Date format YYYY-MM-DD is hard for ADHD users to recall. Pre-compute Thứ 5, Chủ nhật in render_summary_for_prompt, enforce in SYSTEM_PROMPT.

Gotchas

  • launchd jobs in ~/Documents/ are blocked by macOS Sequoia/Tahoe TCC — Operation not permitted. Move project to ~/health-coach/ and ~/garmin-sync/ outside ~/Documents/.
  • macOS security keychain is unreliable from launchd context (UI prompt blocked). Switched to ~/.config/health-coach/anthropic_api_key chmod 600 file.
  • iMessage AppleScript silently fails if Messages.app isn’t running. Wrapper does open -ga Messages before exec. Even with that, may need delay 2 after activate to flush queue.
  • iMessage dedupe drops messages with identical bodies sent close in time. Fix: append nonce {unix-timestamp}.
  • iMessage per-recipient rate-limit — >10 messages in 1–2 hours to the same handle silently drop. All other handles still work. Production load (2–5/day) doesn’t trigger.
  • iMessage spam classifier flags template-looking content: multi-line + bullet, 78.0, 34.0, 55 decimal-comma patterns, 30min/10min compound number+unit, ± special char, short paren codes (nXXXX).
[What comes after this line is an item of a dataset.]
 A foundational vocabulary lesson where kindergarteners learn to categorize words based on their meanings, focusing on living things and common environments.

Fix: conversational single-line Vietnamese, integers, “10 phút” not “10min”.
  • DejaVu Sans (matplotlib default) is missing emoji glyphs — keep emoji out of plot titles.
  • OAuth urn:ietf:wg:oauth:2.0:oob flow was deprecated by Google in 2022. Use flow.run_local_server(port=0, open_browser=True) on a machine with a browser, then SCP google_token.json to headless VM.
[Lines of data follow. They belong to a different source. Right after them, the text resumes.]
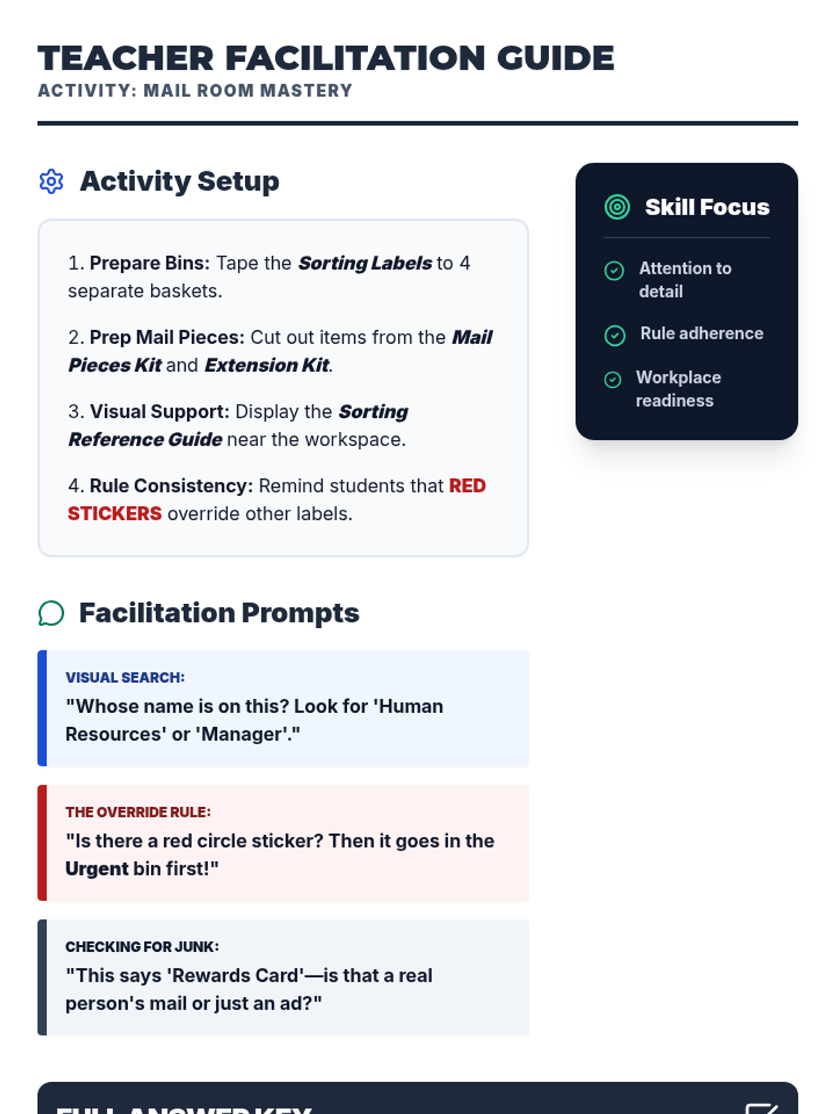 Instructional guide for teachers outlining setup steps, verbal prompts for students, and an answer key for the mail sorting activity.
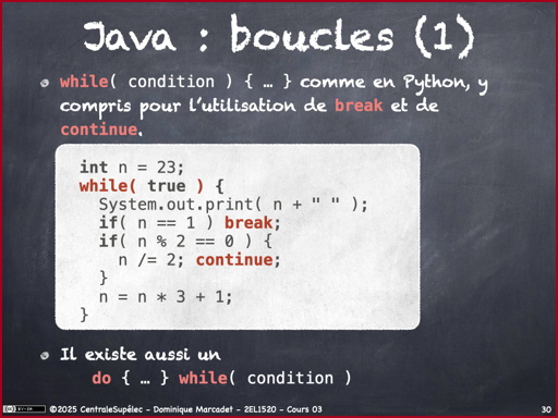 À noter que les instructions break (sortir de la boucle courante) et continue (passer immédiatement à l'itération suivante) existent aussi en Java.
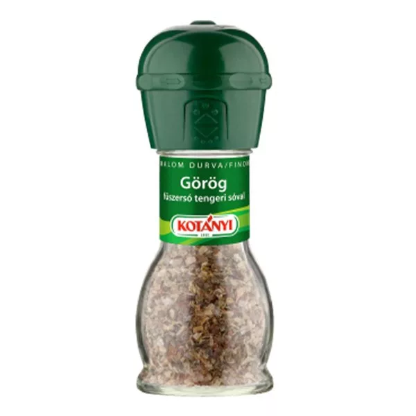 Kotányi Malom Görög fűszersó tengeri sóval.Súly: 40 gÖsszetevők:Jódozott tengeri só (tengeri só, kálium-jodát); Kakukkfű; Papradicsomgranulát; Fokhagyma; Bazsalikom; Borsikafű; Vöröshagyma; Oregánó; Zöldmenta.allergének:A termék gluténtartalmú gabonaféléket, tojást, tejet (laktóz), zellert, mustárt és szezámmagot felhasználó gyártóüzemben készült.
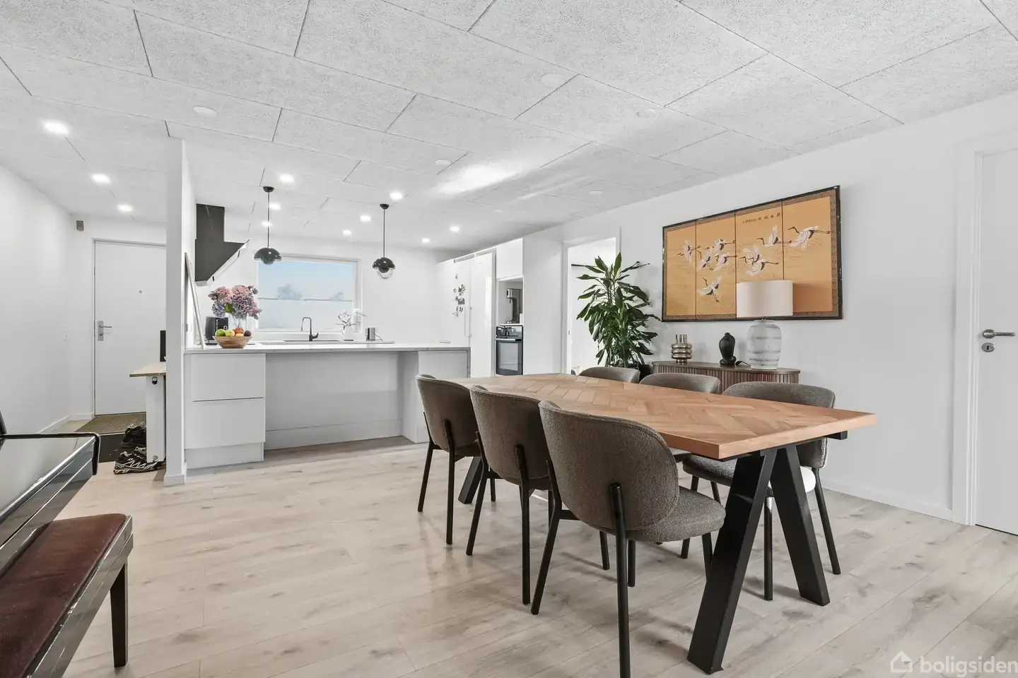 FORTUNA ALLÉ 17 – TOTALRENOVERET OG INDFLYTNINGSKLAR BOLIG I ET ROLIGT OMRÅDE TÆT PÅ CENTRUMPå Fortuna Allé 17 finder du en gennemført og moderne bolig, som siden 2022 har gennemgået en omfattende renovering. Her får du et indflytningsklart hjem i et roligt og hyggeligt område, samtidig med at du har kort afstand til centrum, skole, indkøb og alle hverdagens nødvendigheder.Når du træder indenfor, bliver du mødt af et lyst og rummeligt køkken-alrum, hvor det flotte HTH-køkken fra 2023 danner ramm

  • xcode-select --install sometimes reports “already installed” while xcode-select -p says no path. macOS 26 ships CLT bundled; just use git --version to confirm.
  • Apple iMessage delivery latency can be 0–5 minutes when the same Mac sends bursts (anti-spam buffering). Production load looks instantaneous.
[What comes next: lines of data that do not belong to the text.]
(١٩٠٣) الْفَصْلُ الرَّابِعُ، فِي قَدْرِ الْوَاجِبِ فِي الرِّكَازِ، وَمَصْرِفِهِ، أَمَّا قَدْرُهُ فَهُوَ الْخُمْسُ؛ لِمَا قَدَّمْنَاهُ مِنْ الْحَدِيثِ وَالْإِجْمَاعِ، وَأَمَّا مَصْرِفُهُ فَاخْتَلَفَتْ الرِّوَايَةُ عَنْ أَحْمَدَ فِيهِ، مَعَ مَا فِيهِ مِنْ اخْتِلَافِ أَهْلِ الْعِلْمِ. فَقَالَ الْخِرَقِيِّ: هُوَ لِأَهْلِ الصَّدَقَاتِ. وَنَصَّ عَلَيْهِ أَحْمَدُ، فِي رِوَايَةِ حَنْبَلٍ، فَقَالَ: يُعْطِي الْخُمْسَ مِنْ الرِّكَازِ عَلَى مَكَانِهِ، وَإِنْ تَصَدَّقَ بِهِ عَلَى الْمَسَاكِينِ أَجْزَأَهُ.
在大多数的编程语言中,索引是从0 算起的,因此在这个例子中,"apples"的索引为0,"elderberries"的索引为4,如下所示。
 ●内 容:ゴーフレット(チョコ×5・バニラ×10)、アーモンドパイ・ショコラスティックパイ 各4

  • oauth-token reuse across libraries — same Google OAuth client (MCP AI desktop type) works for gcalcli, google-api-python-client, etc., as long as the scope grants Calendar read.

Working session log

  • 2026-04-29 (Day 1) — M1 walking skeleton: loader (12 metrics), stats (rolling baseline + anomaly z≥1.5), digest (deterministic + Ollama streaming + Haiku). Sample digest rated 4.2/5. PRD §4 update to allow cloud LLM with constraints. ROADMAP decision log entries for LLM strategy and hosting.
  • 2026-04-29 (Day 1, evening) — M2: delivery.py (Telegram + iMessage + macOS notif), weighting.py (11 literature priors), planner.py (smart cap, traffic light), manual_log.py (Option C), wired CLI subcommands. Deployed to work Mac with 6 launchd plists + caffeinate. Verified end-to-end via SSH + launchd kickstart.
  • 2026-04-30 (Day 2, morning) — M3: correlation.py (Tier 1 personal lag-1), calendar_reader.py (Google iCal first, then OAuth), chart.build_trend_chart() (4-week multi-metric), weighting.merge_personal_priors(), digest extended to cite Tier 1 priors. Calendar discovery: LL Workspace blocks public iCal, switched to Google API OAuth.
  • 2026-04-30 (Day 2, mid-day) — Apple iMessage debugging marathon: discovered the 3 quirks (dedupe, rate-limit, spam classifier). Pivot to Telegram bot @marc_healthbot. Created bot via @BotFather, fetched chat_id from /getUpdates, added telegram_photo() for chart upload via multipart form.
  • 2026-04-30 (Day 2, afternoon) — Migrate work Mac → GCP VM. rsync code + secrets. Setup git deploy key on VM. Convert 6 launchd plists → 7 systemd user timers. Smoke test passes. Work Mac plists renamed .disabled.
  • 2026-04-30 (Day 2, evening) — Retro analysis on 63 days surfaced patterns: Wednesday is anh’s worst sleep day (avg 68) vs Saturday best (avg 80, Δ 12 points). HRV percentiles for personal threshold (<36 = poor recovery, >41 = good). RHR stable over 7 weeks. Workout vs rest day → no significant sleep impact (good — no need to defer training). These priors will replace Tier 2 literature defaults once n≥10 per action accumulates.